Space debris can be assessed from a number of different perspectives: souvenirs of the exploration of outer space by the human race; a typical example of the constant damage caused by the passage of humans to the environment in which they operate and live; an evidence of the historical indifference of governments in order to further their space ambitions; a necessary evil of the first, “heroic” phase of our journey to the Stars. In any case, the silent anarchy of space debris is increasingly taking over the earth’s orbits, a real space Frankenstein, ready to destroy its creator. As Frank Schätzing vividly described in his novel, Limit (2009):
“…Space debris, whose unwelcome omnipresence was down to an unparalleled orbital congestion, begun in the 1950s by the Soviets with their Sputnik launches. Since then, the remnants of thousands of missions had circulated at every altitude: burnt-out propulsion stages, decommissioned and forgotten satellites, wreckage from countless explosions and collisions, from complete reactors to tiny fragments of shrapnel, drops of frozen coolant, screws and wires, bits of plastic and metal, scraps of gold foil and vestiges of flaked-off paint. The constant fracturing of the splinters with each fresh collision meant that they were breeding like rodents… The problem was, a wasp hurtling at a luxury limousine with the momentum of an identically sized fragment of space debris would have developed the kinetic energy of a hand-grenade and written off the vehicle in an instant”.

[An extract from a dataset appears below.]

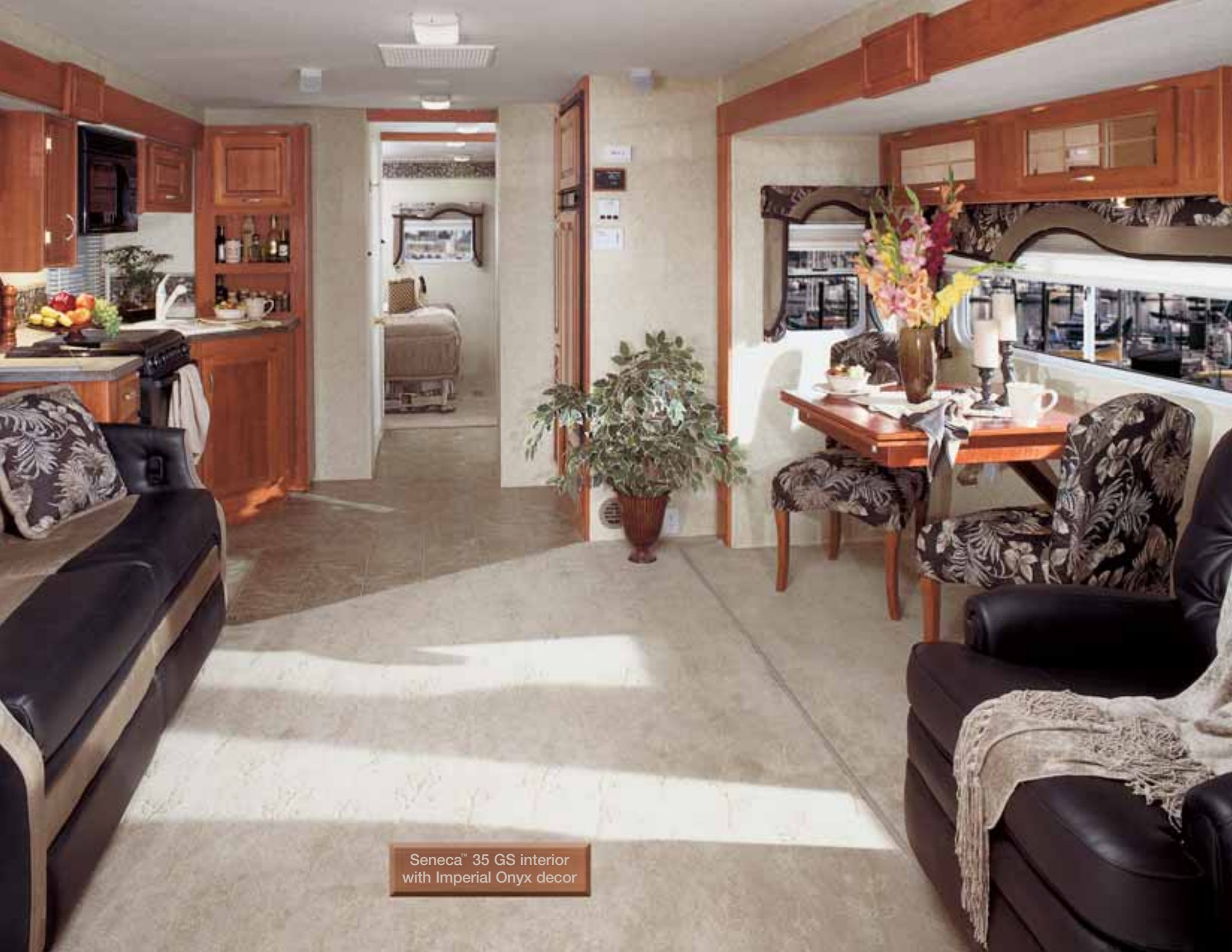
Seneca™ 35 GS interior with Imperial Onyx decor

It is encouraging, however, that the international community has woken up and has already taken significant steps to curb the tsunami of debris in outer space (UNCOPUOS Space Debris Mitigation Guidelines). However, this is not enough: It is further required to promote a collective space consciousness, at the level of Humankind, which will override national egos and will now allow the collection and removal of the cancers that humans have recklessly sown in space, and which increasingly threaten a healthy and sustainable “use and exploration” of the space domain. The question is: how ready are we for the next step?